I think that's changed - what is now thought of as gender critical in the US is not any really defined ideology, and thus has become very big tent and includes gay men and gay-supporting conservatives.

If that's the case, then maybe sign me up. I appreciate the work you're doing to try and change the perception. Just as how there are some reasonable trans people out there, but we all tend to pay attention to the bad actors, I think is the same case here. Groups get judged by their perceived extremists, and I do see those sorts of people or thoughts banging around in places I'd consider to be largely GC.

[–]BEB 3 insightful - 1 fun3 insightful - 0 fun4 insightful - 1 fun -  (0 children)

I myself am not trying to change the perception: I feel that the perception of what trans activists consider "gender critical," and what people who are now sort of considering themselves "gender critical" (although many wouldn't know that term, much less use it) has changed from its rad fem origins, and I'm just trying to explain the changes.

[–]PatsyStoneMaverique 2 insightful - 1 fun2 insightful - 0 fun3 insightful - 1 fun -  (1 child)

I'm generally amenable to the basics of GC, if not the culture. The main topic I break with GC on is the idea that men and women, beyond their basic reproductive biology and physical capabilities, are the same. I instead see psychological differences: styles of cognition, career interests (not necessarily aptitude!), etc. All sorts of things that I don't think can be adequately explained solely on the basis of a socially-constructed patriarchy or a social reflection of only reproductive and physical-capability dimorphism. I think that's an oversimplification.
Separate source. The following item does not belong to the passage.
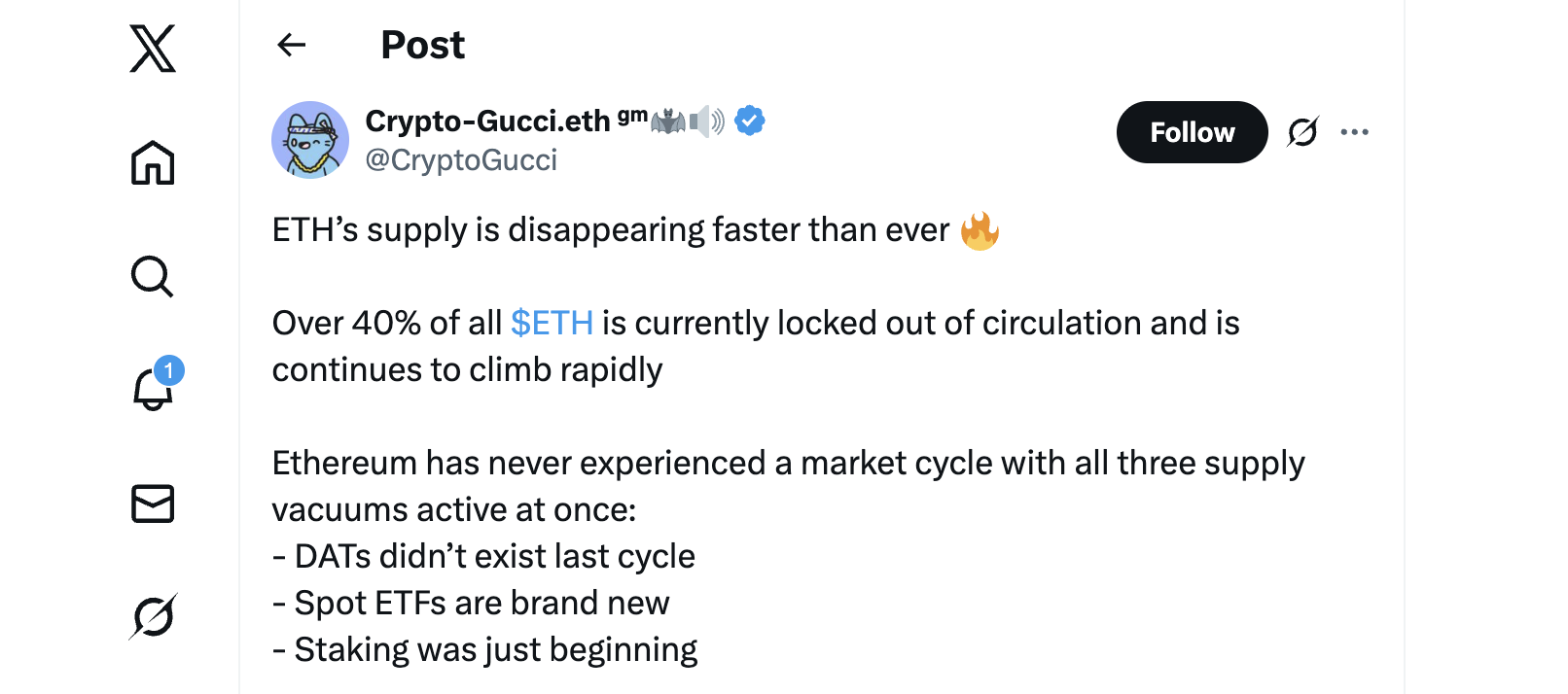Meanwhile, analysts like Crypto Gucci note that Ethereum’s supply is shrinking fast. Around 40% of $ETH is locked in staking, ETFs, and digital asset treasuries. With fewer tokens available and new institutional demand, $ETH could see a steep climb. Some forecasts point to a fair value between $8,000 and $10,000 this cycle if demand continues.
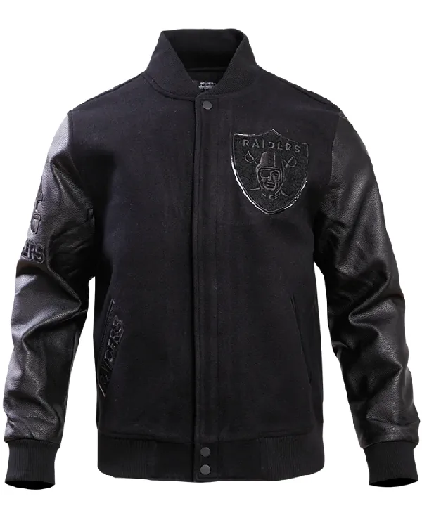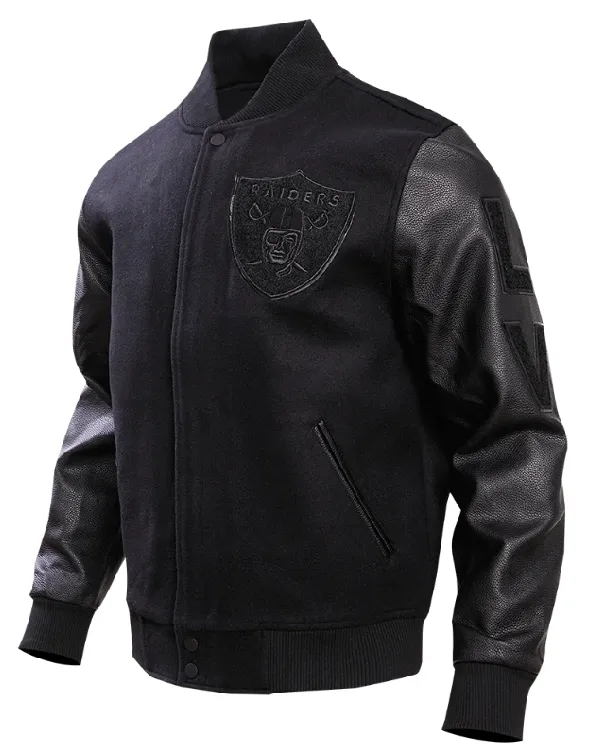 Las Vegas Raiders Triple Black Wool Varsity Jacket

You summed this up so beautifully, and I wholly agree. 2nd wave feminism is dehumanizing and reductive. There also, possibly just in the recent past, was a whole subculture associated with it that had prejudices and taboos not necessarily drawn from the belief system itself. They were, to put it mildly, down on bisexuals.

[–]BEB 4 insightful - 1 fun4 insightful - 0 fun5 insightful - 1 fun -  (0 children)

I was around for the tail end of 2nd Wave feminism, and I would say that it was far from dehumanizing or reductive.

I don't think younger people understand what women were up against. We were not considered deserving of basic human and civil rights. In the US, to this day, women do not have an Equal Rights Amendment.

2nd Wave feminism, as I remember it, was a broad movement composed of women, normal women of all colors, who were fed the fuck up with our oppression. There were radicals, and that's what killed it, but so much of it was women, just average women, in a collective roar.